**Work instructions:**
For this exercise, write out the whole listing below exactly, omitting its images.

**Data shown:**
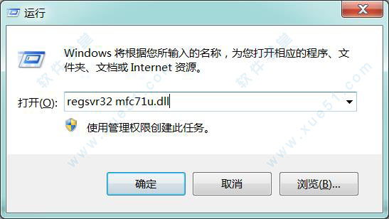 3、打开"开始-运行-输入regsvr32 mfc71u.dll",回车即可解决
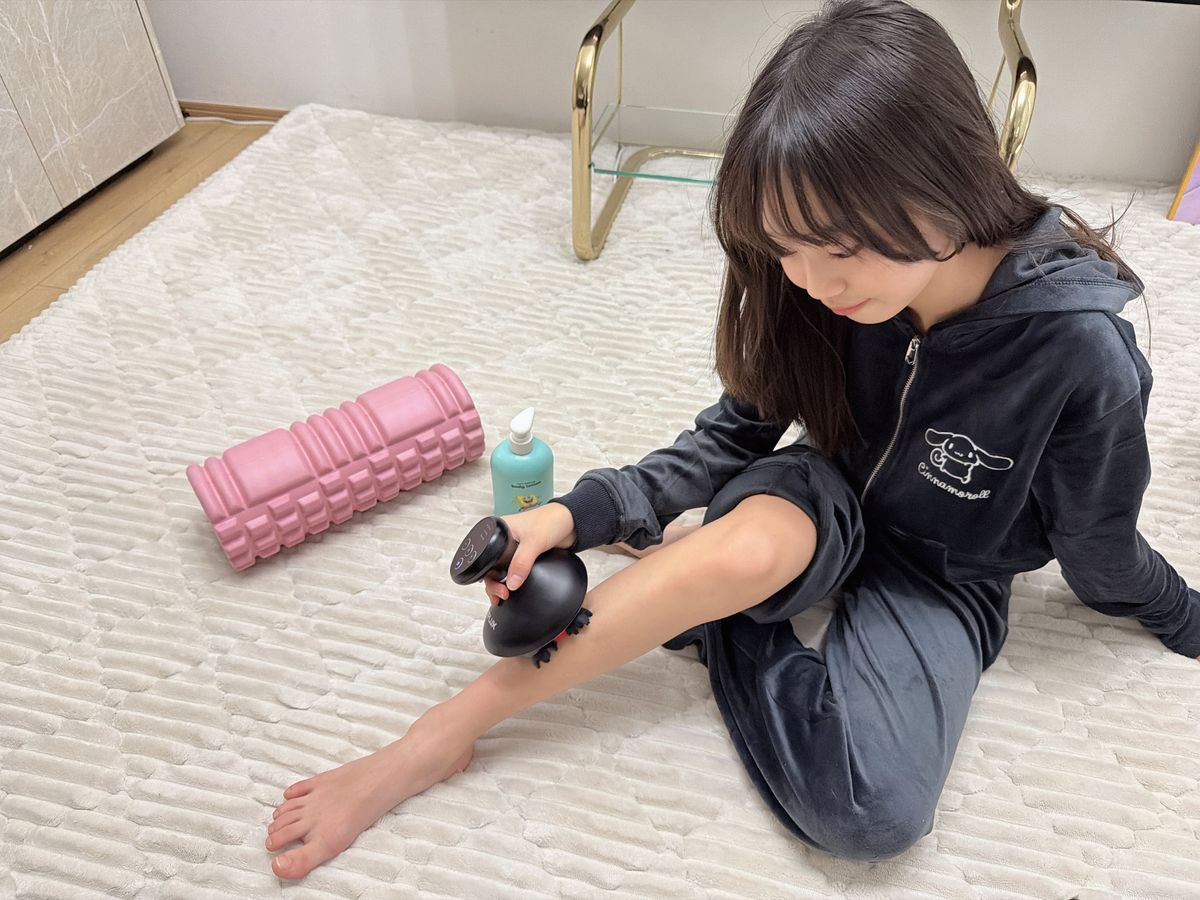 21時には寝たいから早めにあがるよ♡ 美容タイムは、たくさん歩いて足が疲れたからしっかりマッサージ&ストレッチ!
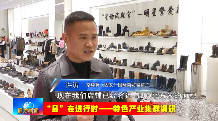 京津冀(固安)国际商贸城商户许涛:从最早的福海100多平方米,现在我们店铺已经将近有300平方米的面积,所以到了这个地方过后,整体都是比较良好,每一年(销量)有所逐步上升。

**Exercise result:**
 3、打开"开始-运行-输入regsvr32 mfc71u.dll",回车即可解决
 21時には寝たいから早めにあがるよ♡ 美容タイムは、たくさん歩いて足が疲れたからしっかりマッサージ&ストレッチ!
 京津冀(固安)国际商贸城商户许涛:从最早的福海100多平方米,现在我们店铺已经将近有300平方米的面积,所以到了这个地方过后,整体都是比较良好,每一年(销量)有所逐步上升。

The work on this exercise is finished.